|UNITED STATES OF AMERICA,||
Mr. Dimas-Bernal pled guilty to one count of unlawful reentry by an alien previously deported subsequent to a conviction for an aggravated felony, in violation of 8 U.S.C. § 1326(a) and (b)(2). He was sentenced to fifty-seven months imprisonment, to be followed by a three-year supervised release.
The presentence investigation report computed his criminal history score at eight points, a total score that placed him in criminal history category IV rather than III. Mr. Dimas-Bernal did not dispute the accuracy of the report's calculations, but argued in a motion for a downward departure under U.S.S.G. § 4A1.2 that criminal history category IV significantly over-represented the seriousness of his criminal record. I R. Doc. 21 at 2.
Mr. Dimas-Bernal's counsel has filed a brief pursuant to Anders v. California, 386 U.S. 738 (1967), and has moved to withdraw. Anders holds that if counsel finds an appeal "to be wholly frivolous, after a conscientious examination of it, he should so advise the court and request permission to withdraw." Id. at 744. Counsel must also submit to the court a brief addressing anything in the record that arguably supports the appeal. Id. In the Anders brief, Mr. Dimas-Bernal's counsel recognizes that this court lacks jurisdiction to review the district court's denial of Mr. Dimas-Bernal's motion for a downward departure. Mr. Dimas-Bernal has also filed a response to his counsel's brief, pleading various claims not raised in the district court. Because they were not raised below, we will not consider them on appeal. See In re Walker, 959 F.2d 894, 896 (10th Cir. 1992). Mr. Dimas-Bernal also raises a vague claim of ineffective assistance of counsel. However, "[i]neffective assistance of counsel claims should be brought in collateral proceedings, not on direct appeal. Such claims brought on direct appeal are presumptively dismissible, and virtually all will be dismissed." United States v. Galloway, 56 F.3d 1239, 1240 (10th Cir. 1995). We therefore decline to review the claim here.
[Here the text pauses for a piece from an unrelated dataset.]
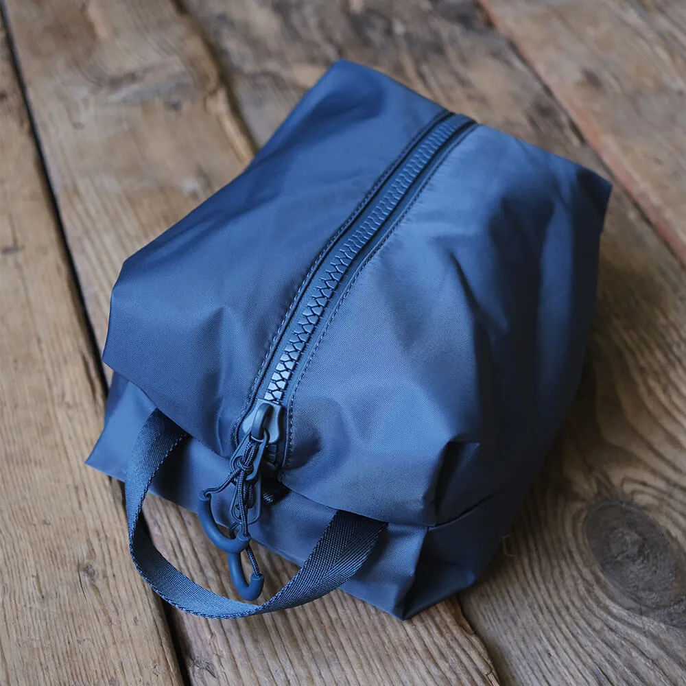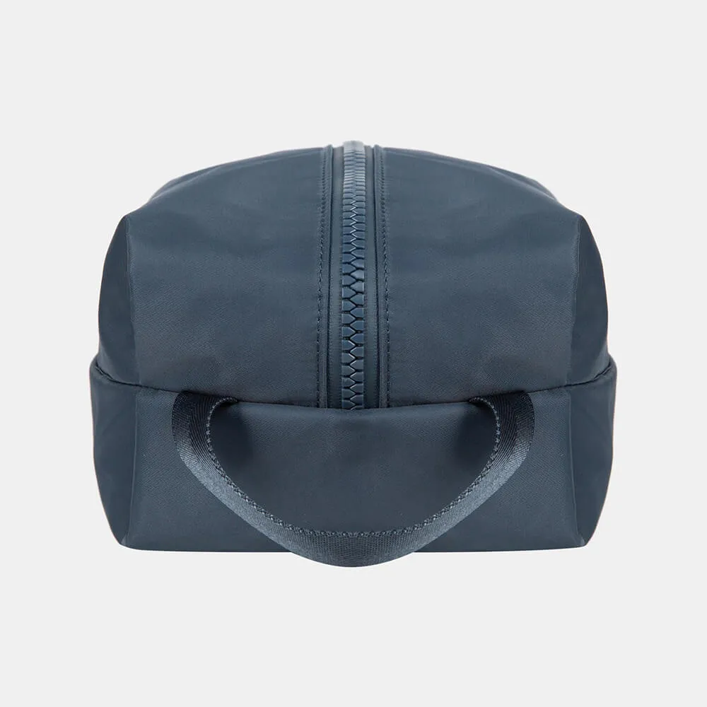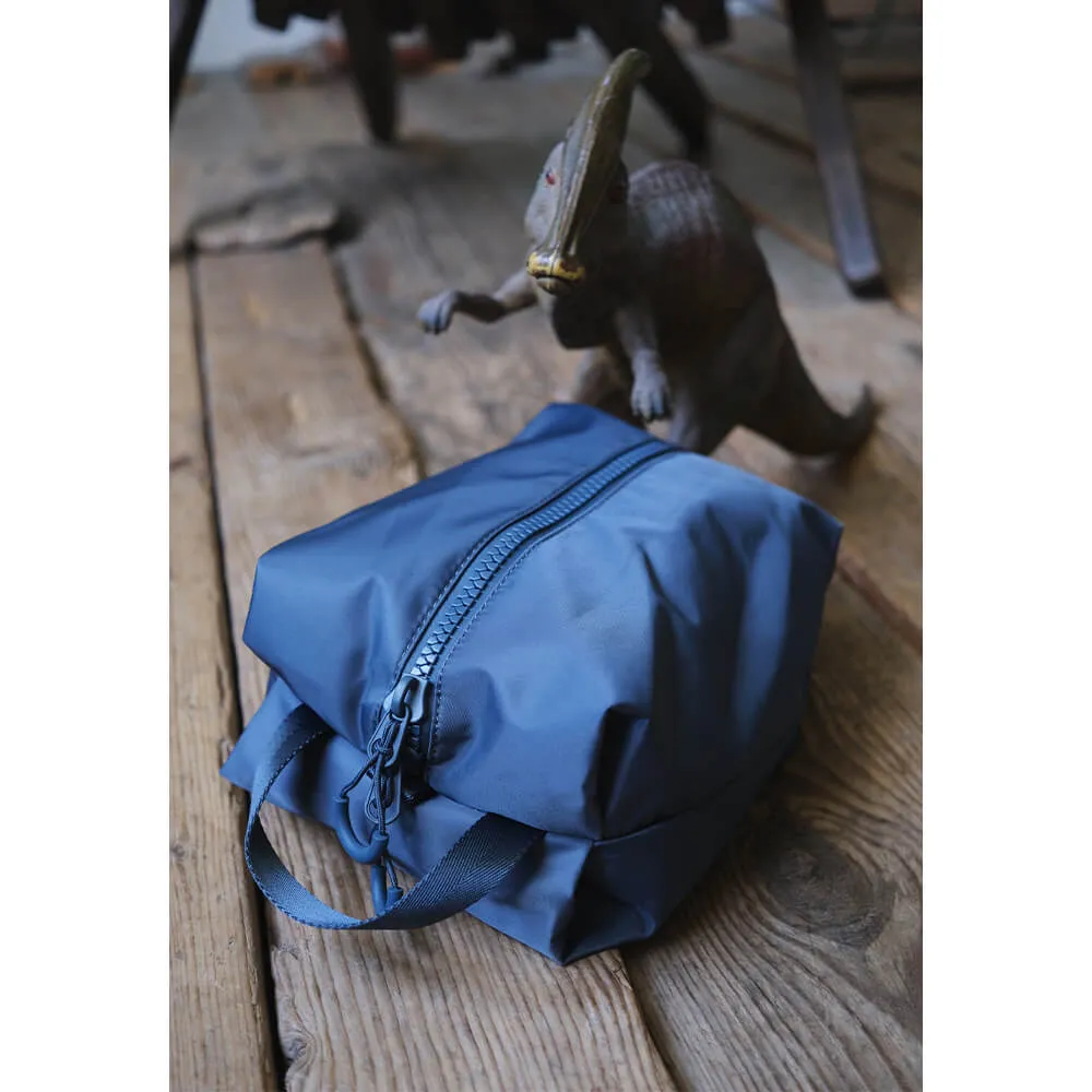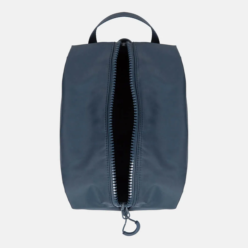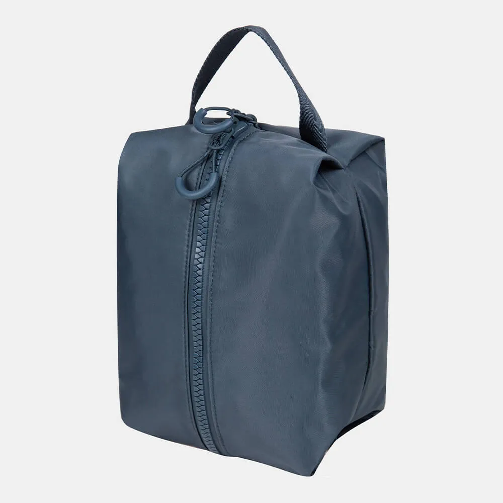 Непромокаемый синий несессер можно использовать как косметичку или дорожную сумку, куда помещаются необходимые в путешествиях мелочи.

Unless the judge's language unambiguously states that the judge does not believe he has the authority to make a downward departure, we do not have jurisdiction to review the denial of a downward departure. United States v. Guidry, 199 F.3d 1150, 1161 (10th Cir. 1999). The transcript of Mr. Dimas-Bernal's change of plea hearing contains no such statement.
Pursuant to our duty under Anders, we have conducted an independent review. Because we agree that there are no nonfrivolous issues on appeal, we grant counsel's motion to withdraw, dismiss the appeal for lack of jurisdiction, and affirm Mr. Dimas-Bernal's sentence.
Counsel's motion to withdraw is GRANTED. The appeal is DISMISSED.
Entered for the Court
Paul J. Kelly, Jr.
*. This order and judgment is not binding precedent, except under the doctrines of law of the case, res judicata, and collateral estoppel. This court generally disfavors the citation of orders and judgments; nevertheless, an order and judgment may be cited under the terms and conditions of 10th Cir. R. 36.3.
2. After examining the briefs and the appellate record, this three-judge panel has determined unanimously that oral argument would not be of material assistance in the determination of this appeal. See Fed. R. App. P. 34(a)(2); 10th Cir. R. 34.1(G). The case is therefore ordered submitted without oral argument.